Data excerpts
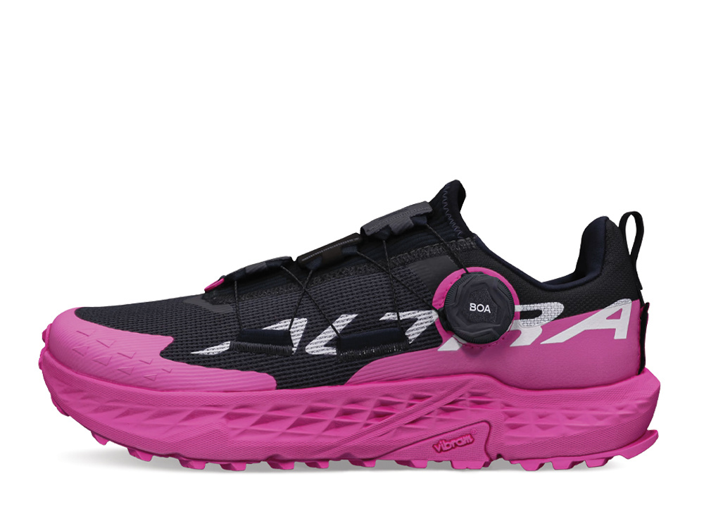 A BOA® Fit System that delivers micro-adjustable precision fit New Vibram® Megagrip outsole for unparalleled grip on wet and dry surfaces Updated Altra EGO™ MAX compound in midsole for a cushioned ride |
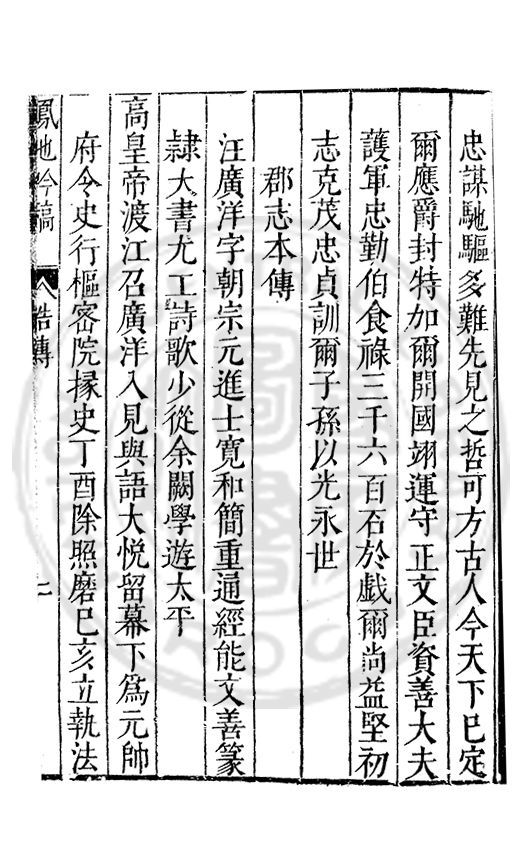 高皇帝渡江召廣洋入見與大悅留幕下為元帥府令史行樞密院掾史丁酉除照磨巳亥立執法
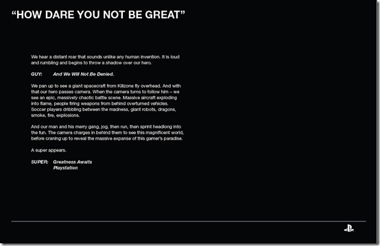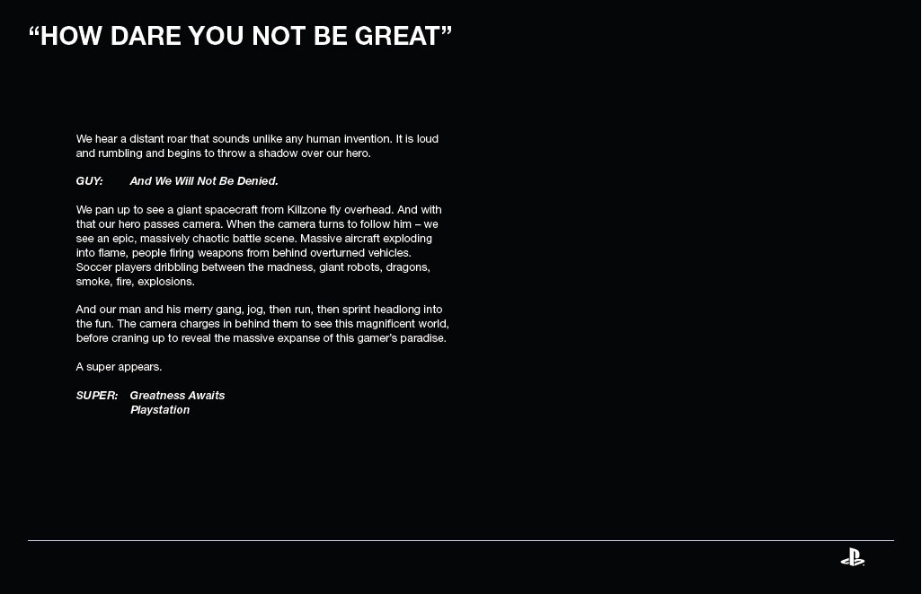 Sony is going to give PlayStation 4 a big marketing push and the keywords behind it are "Greatness Awaits." Siliconera obtained a leak from a company working on the campaign. The commercial starts off by showing an empty road in a small town. A lone guy walks down the road towards the camera and says, "Who are you not to be great? You, with the imagination of a brilliant child and the powers of an ancient god."
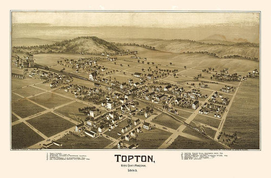 Topton Pennsylvania - Fowler 1893 White Modern Wood Framed Art Print with Double Matting by Fowler
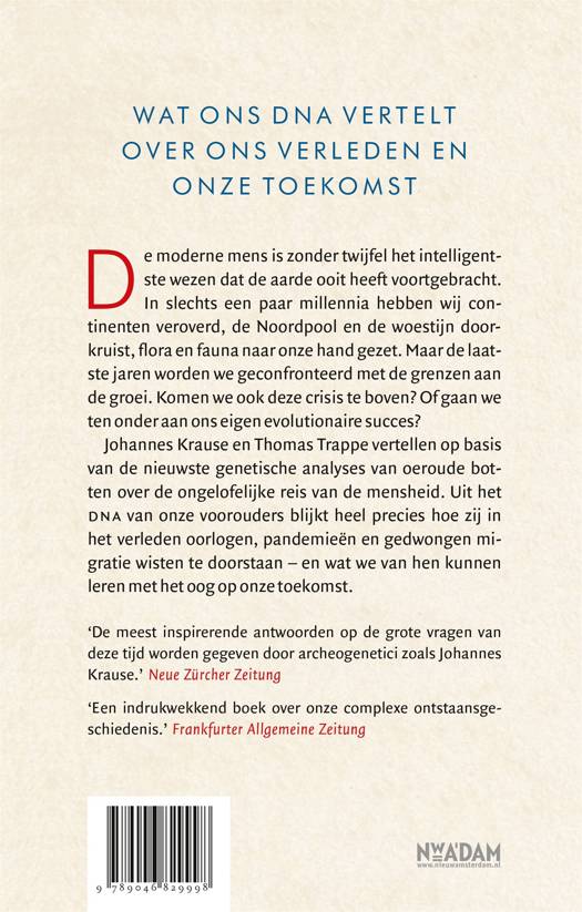 Johannes Krause en Thomas Trappe vertellen over de ongelofelijke reis van de mensheid, over fatale tegenslagen en de triomfen van een paar bevolkingsgroepen. De bestsellerauteurs laten op basis van de nieuwste wetenschappelijke inzichten zien hoe wij in het verleden het hoofd wisten te bieden aan oorlogen, pandemieën en migratie, en welke gevaren schuilgaan achter de ongebreidelde macht van de mens.
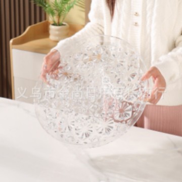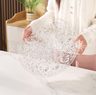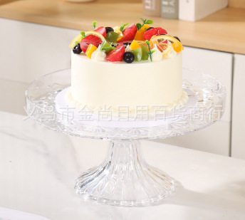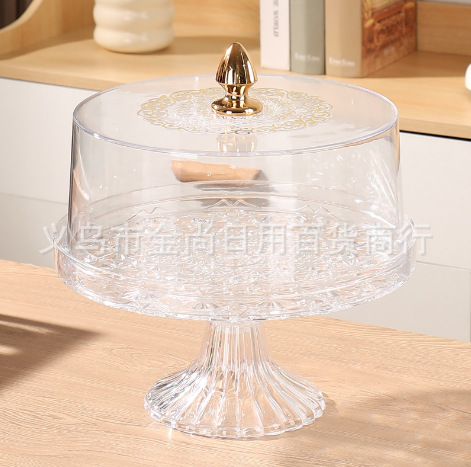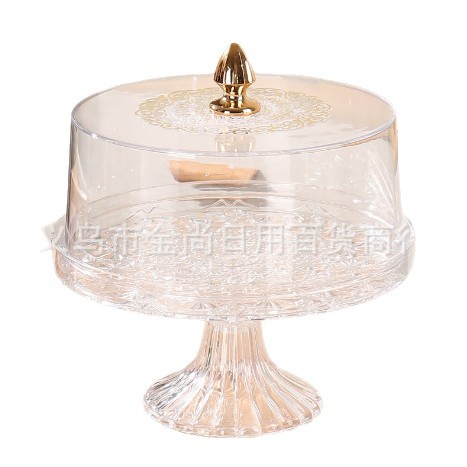 雕花透明托盘带脚带盖蛋糕甜品摆件餐厅水果点心盘彩盒包装
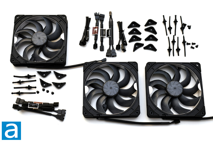 After opening the two boxes, you will notice Noctua has organized everything in a very neat and organized way, but I have taken everything out of their packaging for you to see. All the accessories and cables can be found in their own bags within a single box. Each fan comes with a respective set of NA-AVP1-LR chromax.black rubber paddings, NA-AV2 chromax.black rubber anti-vibration mounts, mounting screws, NA-RC16 low noise adapter, and 30cm NA-EC1 chromax.black extension cable. Each package comes with an NA-YC1 chromax.black 4-pin PWM splitter cable too. Each fan has a paper ring between the fan blade and the frame for protection while in transit, so be sure to remove this before you use the fan.
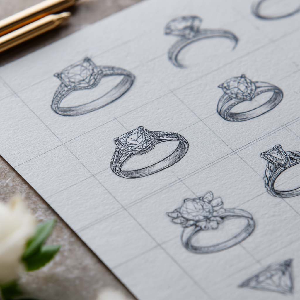 Whether you’re dreaming of natural diamonds, a specific setting, or a completely new design, we’re here to help. Tell us what you have in mind and we’ll walk you through every step, from sourcing to finishing.
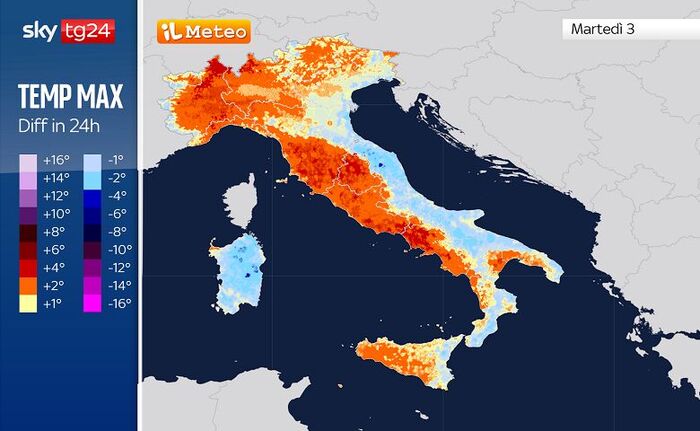 Come evidenzia la cartina qui sotto, a risentire maggiormente dell’ennesima anomalia termica saranno soprattutto i settori occidentali del Paese, in particolare le regioni del Nord-Ovest e l’intero versante tirrenico. Su queste aree le temperature massime saliranno di ben 6°C rispetto alla giornata di Lunedì 2 Marzo, ovvero in sole 24 ore.
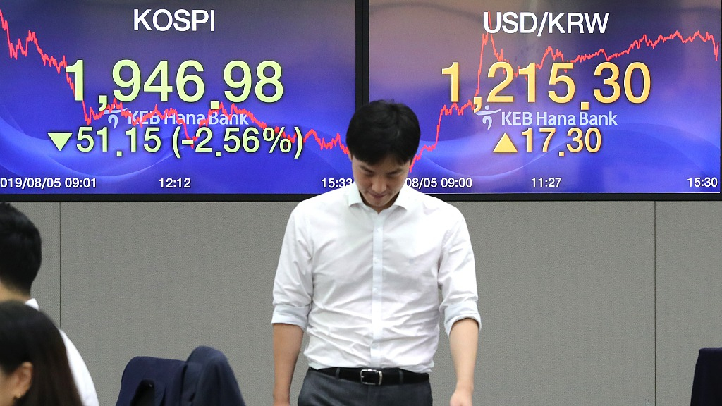 Photo taken in Seoul, ROK on August 5, 2019 shows the benchmark Korea Composite Stock Price Index (KOSPI) plunged 51.15 points. /VCG Photo
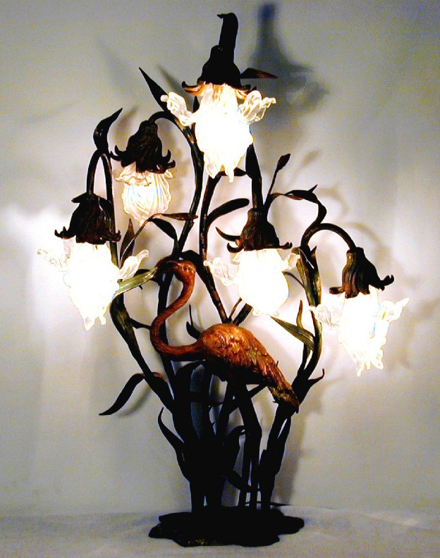 The base of the lamp depicts a flamingo, standing in an Iris patch. It is 36" tall and has no markings. Its construction is bronze, with painted accents. The frosted crystal, petal-form "prisms" when hung properly, form a beautiful, perfect hanging Iris flower. There are 6 or 7 different prism patterns, some tall, some short, some curled up and some not. Many of the petals are marked "R. LALIQUE", with a molded signature near the hole, at the top wear the wire is threaded (for hanging).
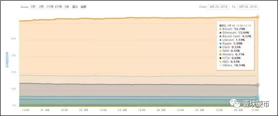 本周,根据CoinMarketCap数据,截止2018年8月26日,全球区块链资产市值占比前三为比特币53.79%,以太坊13.04%,瑞波币5.99%。本周以来,比特币占比提升2.49%,以太坊占比下降1.18%,瑞波币占比下降0.31%。
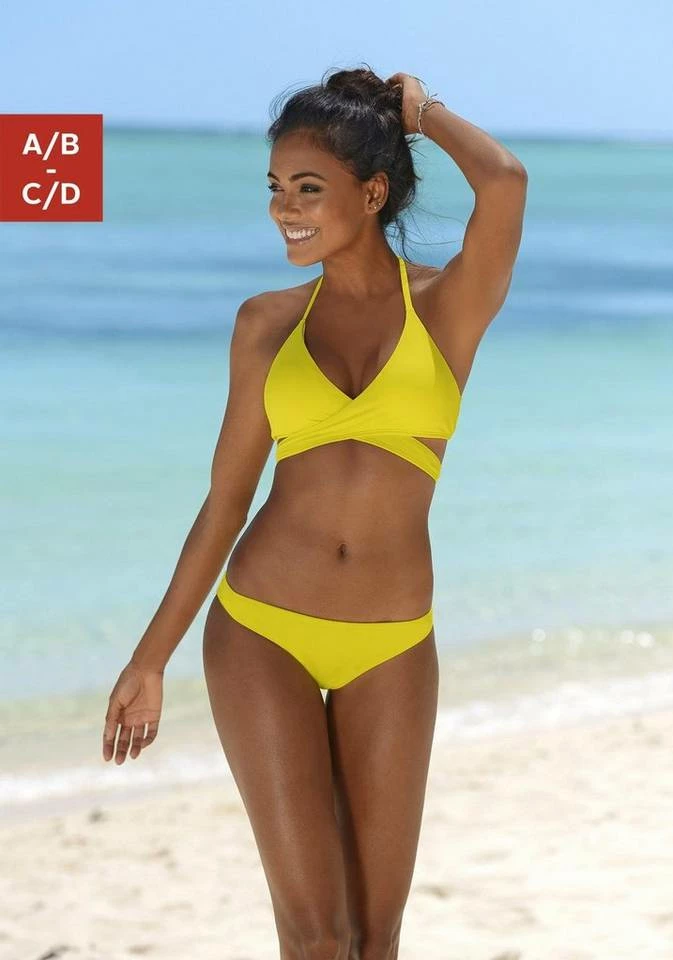 Der Triangelbikini von Bench ist mit seinem trendigen Oberteil in Wickeloptik ein Must-have für den Ausflug ans Meer. Das Design wirkt besonders schön durch den schlichten Brasilschnitt der Hose. Herausnehmbare Cups und die Träger zum Binden garantieren einen guten Halt des Zweiteilers. Der hohe Elasthananteil des Bikinis sorgt für Bewegungsfreiheit und den perfekten Sitz. Ein kleines Metalllabel an der Hose weist auf die Marke hin. Ob solo getragen auf der Sonnenliege oder zu Shorts und Sandalen an der Strandbar, der Triangelbikini von Bench ist immer eine super Wahl. Obermaterial 80% Polyamid, 20% Elasthan (Xtra Life LYCRA®). Futter: 100% Polyester.
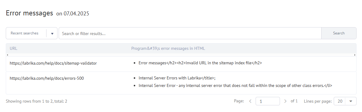 This report notifies you of all the errors that Labrika has found on your pages and the explicit error text contained within said pages.
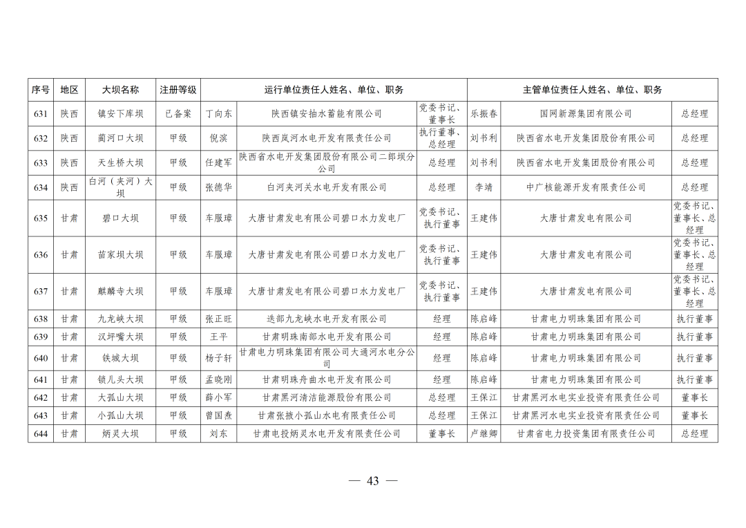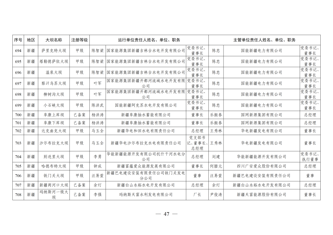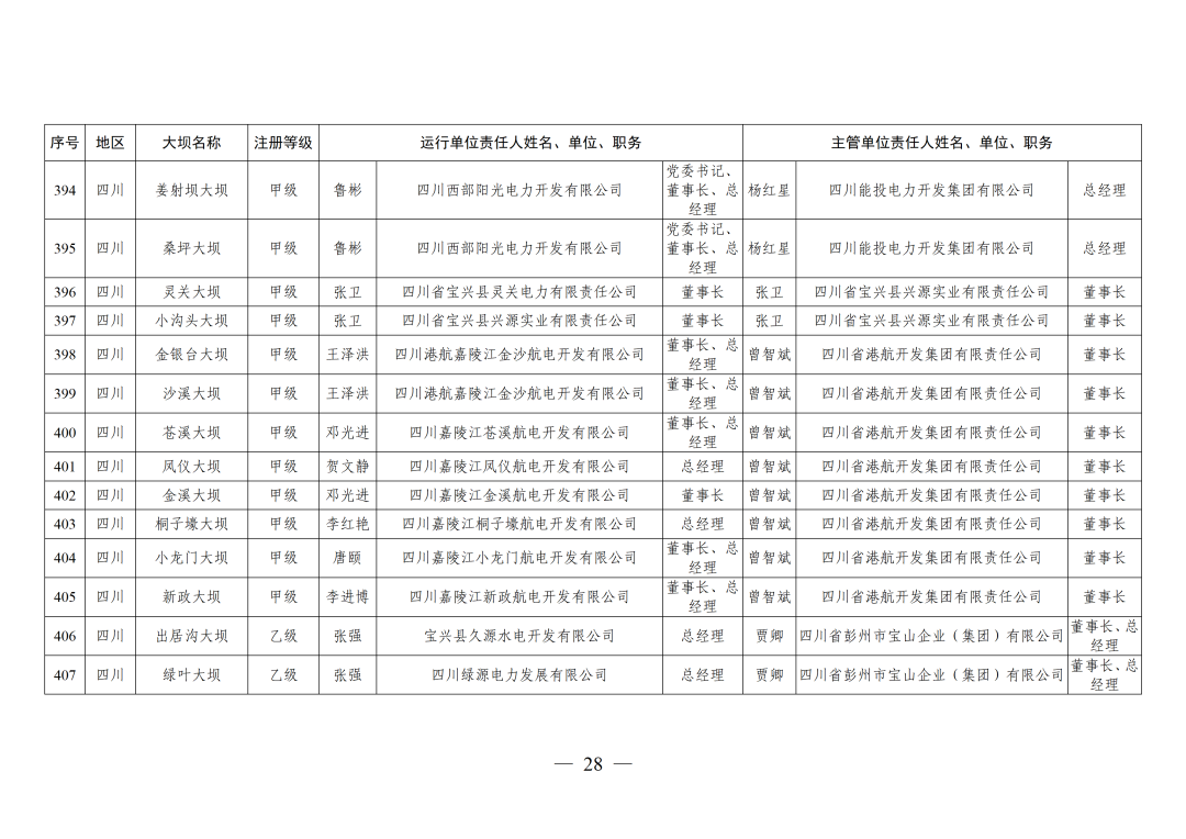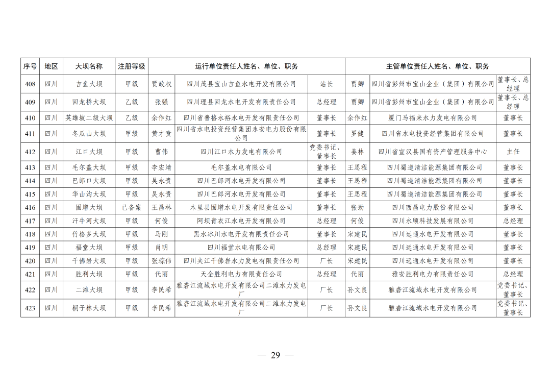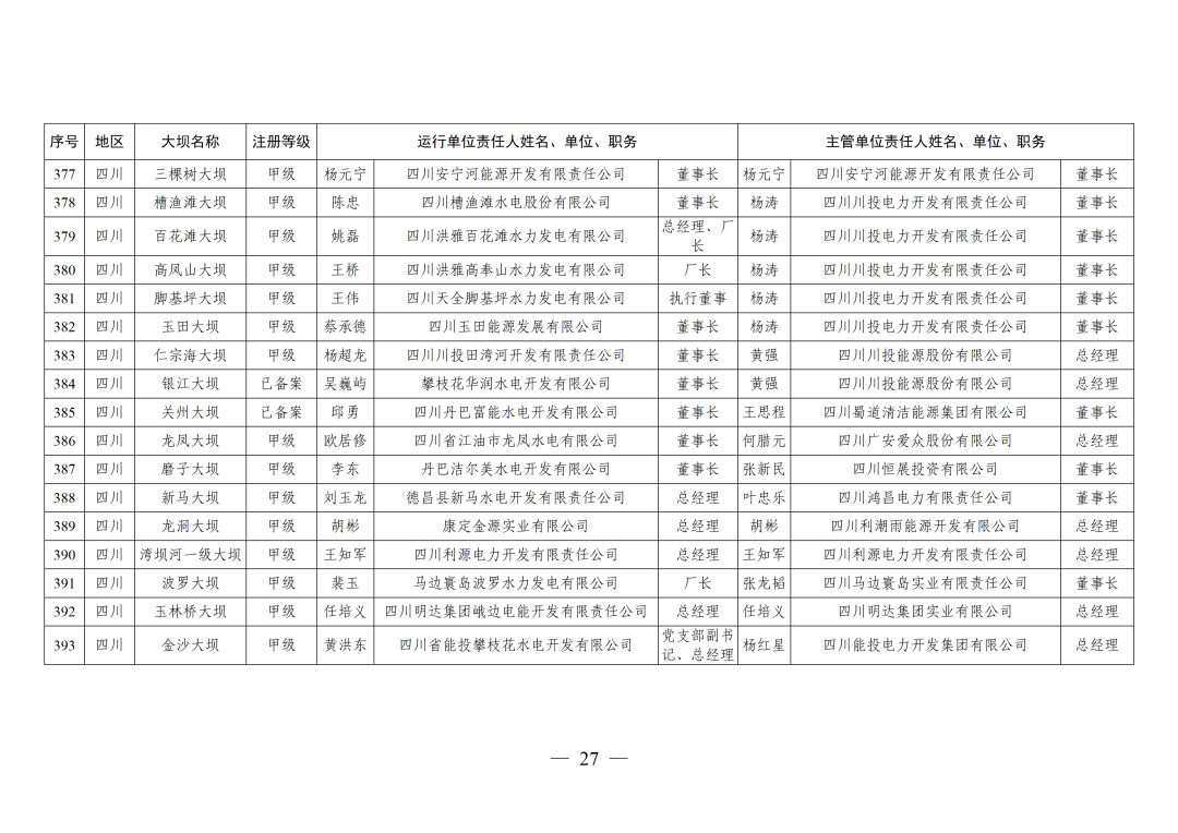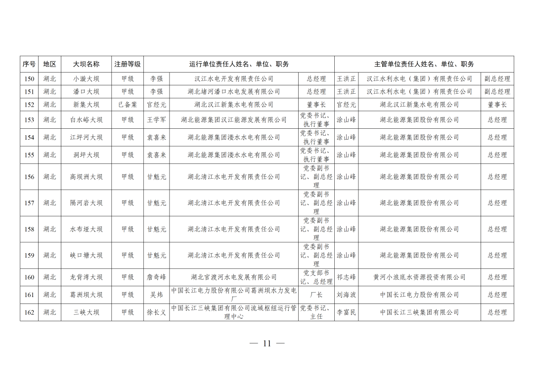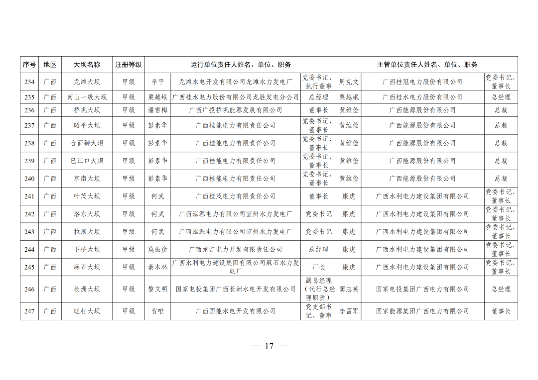 为进一步加强水电站大坝安全监督管理,压紧压实电力企业大坝安全主体责任,按照《水库大坝安全管理条例》(国务院令第77号)、《电力安全生产监督管理办法》(国家发展改革委令2015年第21号)、《水电站大坝运行安全监督管理规定》(国家发展改革委令2015年第23号)等规定要求,现将电力行业718座注册登记和登记备案的水电站大坝(以下简称大坝)运行单位及主管单位的安全责任人名单予以公布。

Activity
Working from the line with "Der Triangelbikini von Bench ist mit" down through the last line of the records, give every line again exactly, but no pictures.

Response box
 Der Triangelbikini von Bench ist mit seinem trendigen Oberteil in Wickeloptik ein Must-have für den Ausflug ans Meer. Das Design wirkt besonders schön durch den schlichten Brasilschnitt der Hose. Herausnehmbare Cups und die Träger zum Binden garantieren einen guten Halt des Zweiteilers. Der hohe Elasthananteil des Bikinis sorgt für Bewegungsfreiheit und den perfekten Sitz. Ein kleines Metalllabel an der Hose weist auf die Marke hin. Ob solo getragen auf der Sonnenliege oder zu Shorts und Sandalen an der Strandbar, der Triangelbikini von Bench ist immer eine super Wahl. Obermaterial 80% Polyamid, 20% Elasthan (Xtra Life LYCRA®). Futter: 100% Polyester.
 This report notifies you of all the errors that Labrika has found on your pages and the explicit error text contained within said pages.
 为进一步加强水电站大坝安全监督管理,压紧压实电力企业大坝安全主体责任,按照《水库大坝安全管理条例》(国务院令第77号)、《电力安全生产监督管理办法》(国家发展改革委令2015年第21号)、《水电站大坝运行安全监督管理规定》(国家发展改革委令2015年第23号)等规定要求,现将电力行业718座注册登记和登记备案的水电站大坝(以下简称大坝)运行单位及主管单位的安全责任人名单予以公布。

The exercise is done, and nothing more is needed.